Why Birth Trauma Support is Important

During my last trimester, I remember being scared spit-less. The only way for my soon to be born baby -to exit my body, was going to be vaginally or surgically. Either way, it was going to hurt. Birthing didn’t look like a walk in the park.  For more information and help on this subject, click here to read this article on Birth Trauma.

As a way to move past my fear, I read everything I could on birthing. I read up on Lamaze birthing, breast feeding, was cautious not to consume anything that might compromise a healthy pregnancy and labour. I continued doing yoga up until the birth. Regulating and practicing relaxation, breathing deep into my body, made sense to me.

Going into the hospital, I was scared. Being a life-giver, I would have to face my own mortality issues. I felt like I was going through an initiation into a level of sacred feminine experience reserved for the mature, not for the weak of heart. Many women and babies died in childbirth in previous centuries. My own mother had been drugged, woke up to a swaddled baby beside her, completely disconnected from the process and miracle of life. I wanted to be fully aware of my birthing, and I planned for the best experience possible.

Feeling my body adapt to my baby, there was an attunement that required a focus I didn’t know I could hold. Expanding my ligaments, my flesh, I opened into the pulse of life, the breath that consumed me. I could feel the bones of my baby- curled up like a chicken; push against my bones from the inside of my body. Just when I felt I could do no more- she was born.

I had adrenaline energy.

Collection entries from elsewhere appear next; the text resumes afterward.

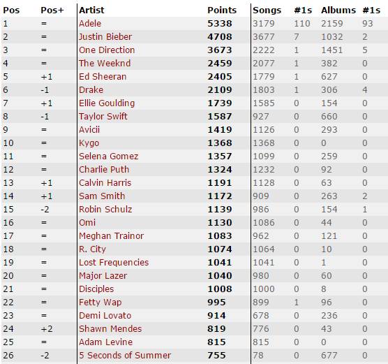 按照这种架势,专辑一出来,其他人都不用玩啦!无论是天王还是天后,都不想自己的专辑发售日与阿呆撞期……于是,“男版阿黛尔”骚姆(萨姆·史密斯)将专辑提前到11月初发行,而贾斯汀•比伯、单向乐队也选择比阿黛尔提前一周发行新专辑。
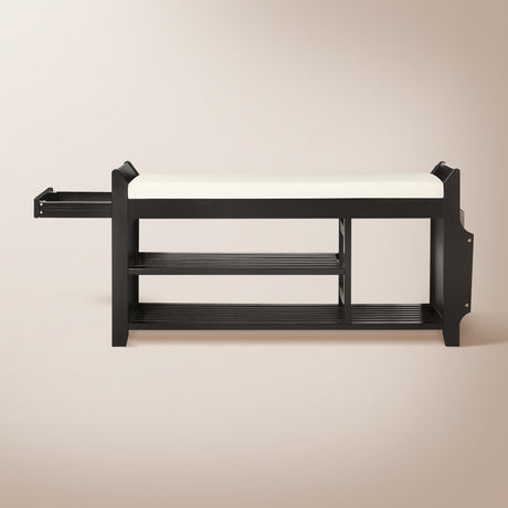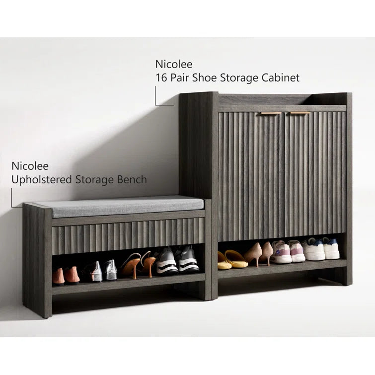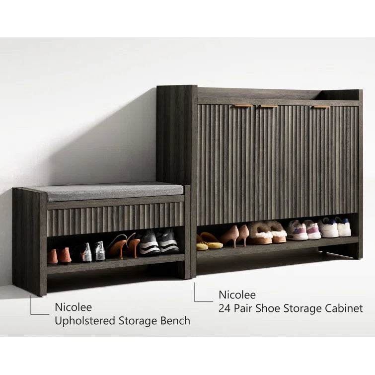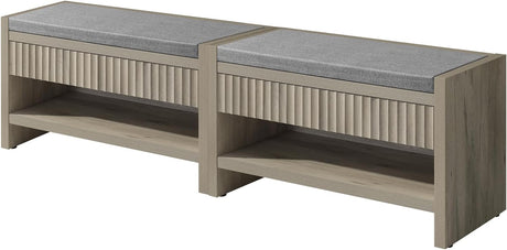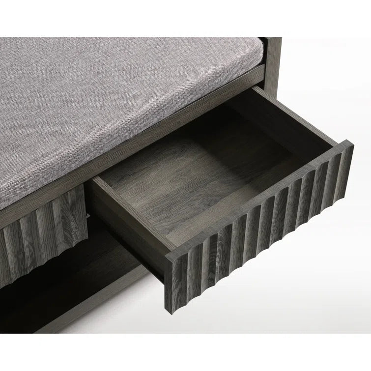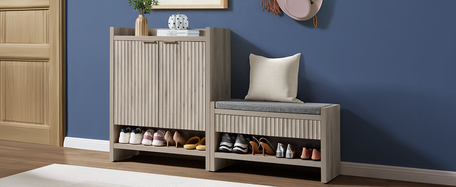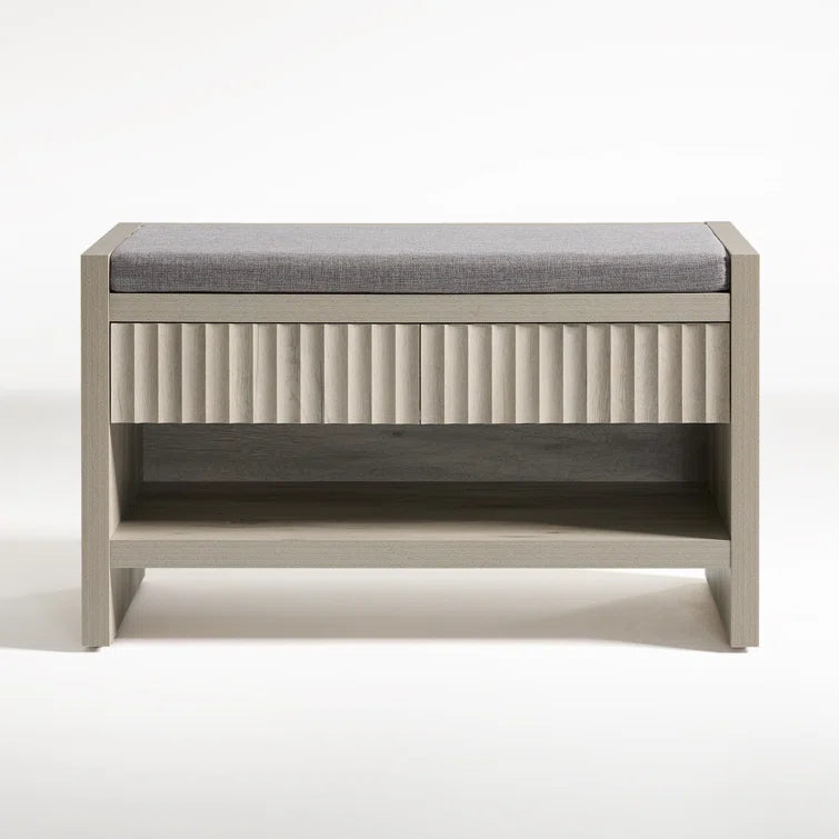 Wooden Fluted Shoe Storage Bench with 2 Drawers
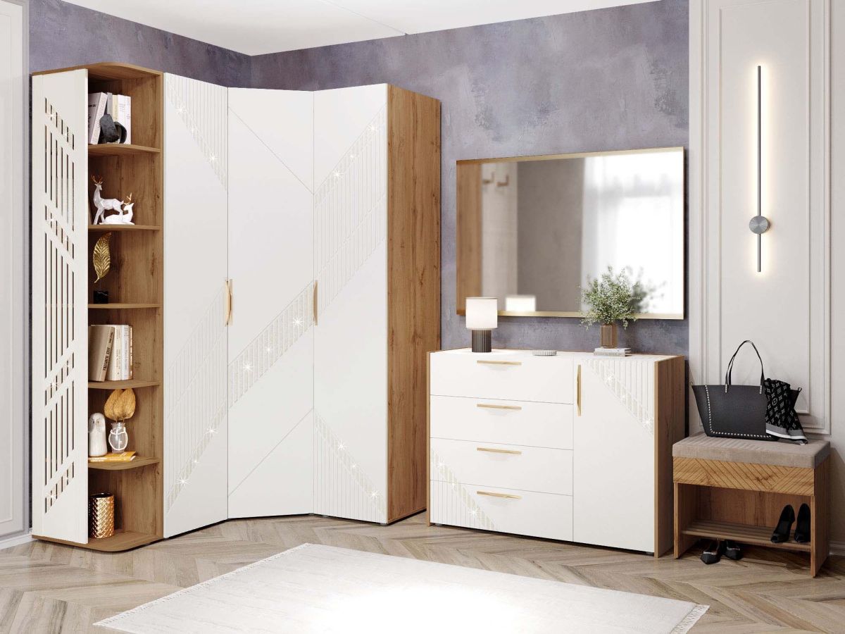 Угловой набор мебели для прихожей «Монако 403 170» является частью модульной серии «Монако». «Монако 403» – образец элегантного стиля и утонченного вкуса. Сочетание матовой белоснежной поверхности фасадов с благородной древесной текстурой «Дуб Вотан» подчеркивает утонченный дизайн коллекции.

Similar to an athlete, pushing through fatigue, finding another reserve of energy. I was both tired and invigorated, and I felt like I was in a low level of shock. Getting to hold my baby seemed unreal, surreal. She was just a little purple and waxy looking, she didn’t quite look real yet. The emotions, the natural high level of my hormones- I felt like I was in slow motion contrasted to the buzzing activity of the nurses going about their tasks. So this is what it feels like to be a mom.

 My birthing went pretty good. Yes, I ripped, had stitches, was in pain. It takes 6 weeks to heal. Yet, I had the need to talk about my birthing, because I had gone deep into my resources, past my fears, into the sacred body-mind consciousness deep within me. The joy and marvel of holding my baby soothed my body and soul.

My story was fairly easy to listen to, as it was straight forward. The birth went as intended. There were no emergencies, my recovery was great, my baby was healthy. We went home to a supported environment. So what happens for the women who have a hard time talking about their deeply personal and maybe difficult birthing experience? What about the women who didn’t come back from their fear? Many women do not get the family support, so they can recover.

In severe trauma, we fragment, and leave behind the scared, damaged, frightened pieces of ourselves. In trying to cope with our survival, and our ability to move on- we may sacrifice the potential integration, the deeper levels of honoring ourselves.

In sharing our process with other women, we have the opportunity to value, to honour our journey as well as theirs. In the listening and holding emotional and spiritual space for another, we make more room for our own. We can transcend the fear, and move into a new relationship, sense of self, and the deep connection and spiritual awareness of the feminine.